The goal of all the efforts is clear: Change the drinking culture. But how?
No university — let alone one with some of the highest binge-drinking rates in the country — has successfully conquered the drinking problem on a universitywide basis, Nathan said. Most success has come with specific groups.
“We don’t really have a template to deal with the [drinking] problem as a whole, because it hasn’t happened before,” he said.
The university’s template is still rough. Much of the data the UI could use to measure success in reducing binge drinking haven’t been collected.

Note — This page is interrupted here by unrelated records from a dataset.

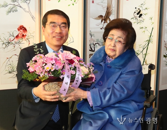 이에 이희호 여사는 “양 시장이 김 대통령의 뜻을 이어받아 실현해 줄 것을 기대한다”며 “나도 기도를 드리겠다”고 말했다.
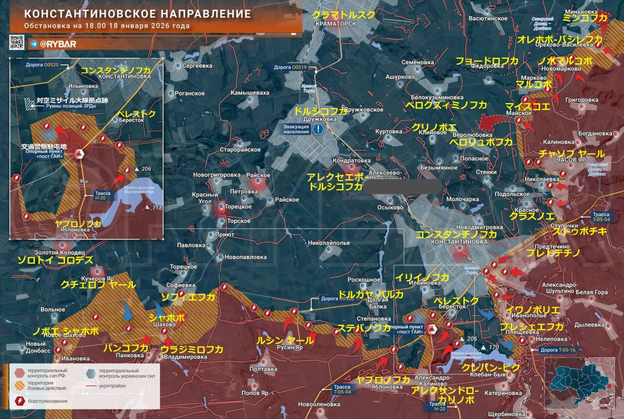 コンスタンチノフカ方面の1月18日の状況について、リバールの報告です。
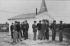 Czech tourist office becomes a funeral chapel. Crowd of sympathisers examining window display at Czech tourist office. The French words are: Frenchmen, Czechoslovakia descending to the tomb, cries to you: 'íf wou lost forty divisions you still have eleven million friends.
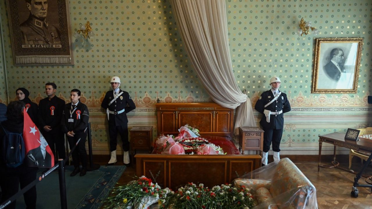 Mustafa Kemal Atatürk'ün 10 Kasım 1938'de yaşamını yitirdiği Türk bayrağı örtülü yatağının iki yanında, iki polis memuru saygı nöbeti tuttu. Odadaki tören, dışarıya kurulan ekranlardan da izlenebildi.

For example, in the summer Loh said he wanted to lower the levels of alcohol-related emergency-room visits among students. The problem? The hospital does not track those numbers.
The Partnership for Alcohol Safety subcommittee tasked with looking at data wants to track crime and health issues with alcohol involved, said Doug Beardsley, the director of the Johnson County Public Health Department and subcommittee chairman.
The consensus seems to be that the university and city are progressing in the right direction. But whether they will get to a solution or solutions remains to be seen.
Last call
Paramedics find a woman sitting in a pool of her own vomit near the corner of Clinton and Court Streets. A friend strokes her hair as puke stains her royal-blue dress. Around the pair, six emergency workers hover. The woman gags.
She is hoisted into the ambulance, where she cries and moans.
“Don’t kill me,” she pleads.
“I’m not going to kill you — that alcohol in your system might, though,” Jacobsen says.
“I know,” she said, stretching the last word.
“I think you’ve had a little bit too much,” Jacobsen says.
“No,” she whimpers. “It’s not my fault.